Dictation Use Case Example
1. App is in an idle state
2. User clicks Start
Dictation button
2.1
App
UI changes state (Ex. Displays “Starting”, disables button)
2.2
App
tells sound card to start recording audio
2.3
App
creates new WebSocket
2.4
App
connects WebSocket to nVōq (Ex. Hostname “test.nVoq.com”)
2.5
If
connection fails, App displays an error to the user and returns to an idle
state
2.6
App
sends “STARTDICTATION” JSON request message to nVōq via WebSocket
2.6.1 This message includes
credentials (Ex. username + password, API Key, or SSO Token) amongst other
configurable parameters (see API docs)
2.7
App
receives “STARTDICTATION” JSON response message from nVōq via WebSocket
(asynchronous)
2.7.1 This response message
indicates success or failure of server-side verification of the parameters
supplied by the client in the STARTDICTATION request (Ex. Authentication, audio
format settings, …)
2.8
App
receives short (Ex. ~300 millisecond) PCM audio buffer from sound card
(asynchronous)
2.8.1 App passes PCM audio to
OggVorbis encoding library
2.8.2 App retrieves OggVorbis
encoded audio from OggVorbis library
2.8.3 App sends short (Ex.
~300 millisecond) OggVorbis audio byte buffer to nVōq via WebSocket
2.9
App
receives updated transcript TEXT JSON from nVōq via WebSocket
(asynchronous)
2.9.1 App displays updated
text in UI
3. User clicks Stop
Dictation button at their discretion
3.1
App
tells sound card to stop recording audio
3.2
App
sends “AUDIODONE” JSON message to nVōq via WebSocket
3.3
App
might receive updated transcript TEXT JSON from nVōq via WebSocket (asynchronous)
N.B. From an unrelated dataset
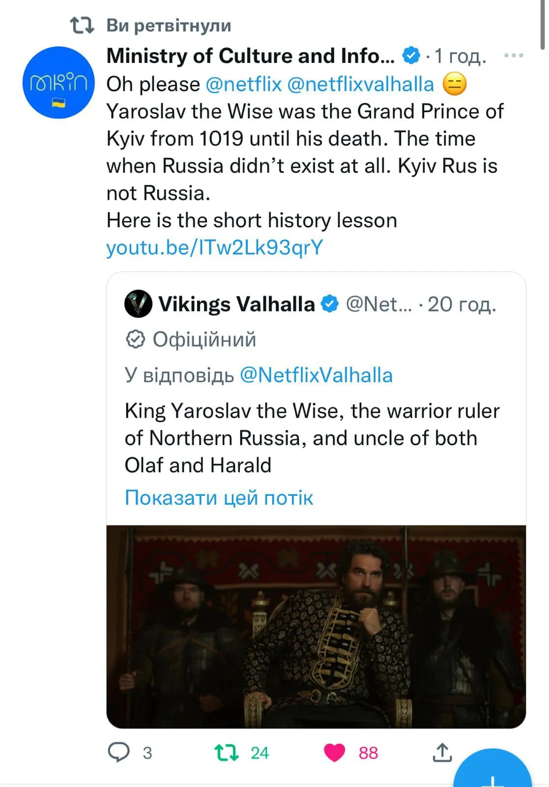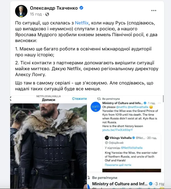 Читайте также Netflix удалил твит, в котором спутал Киевскую Русь и Россию, по просьбе Минкульта

3.3.1 App displays updated
text in UI
3.4
App
receives a “textDone=true” JSON message from nVōq via WebSocket,
indicating end of transcript (asynchronous)
3.4.1 App closes WebSocket
4. App returns to an idle
state
4.1
App
UI indicates dictation is complete (Ex. Displays “Finished” or removes status
display, re-enables button)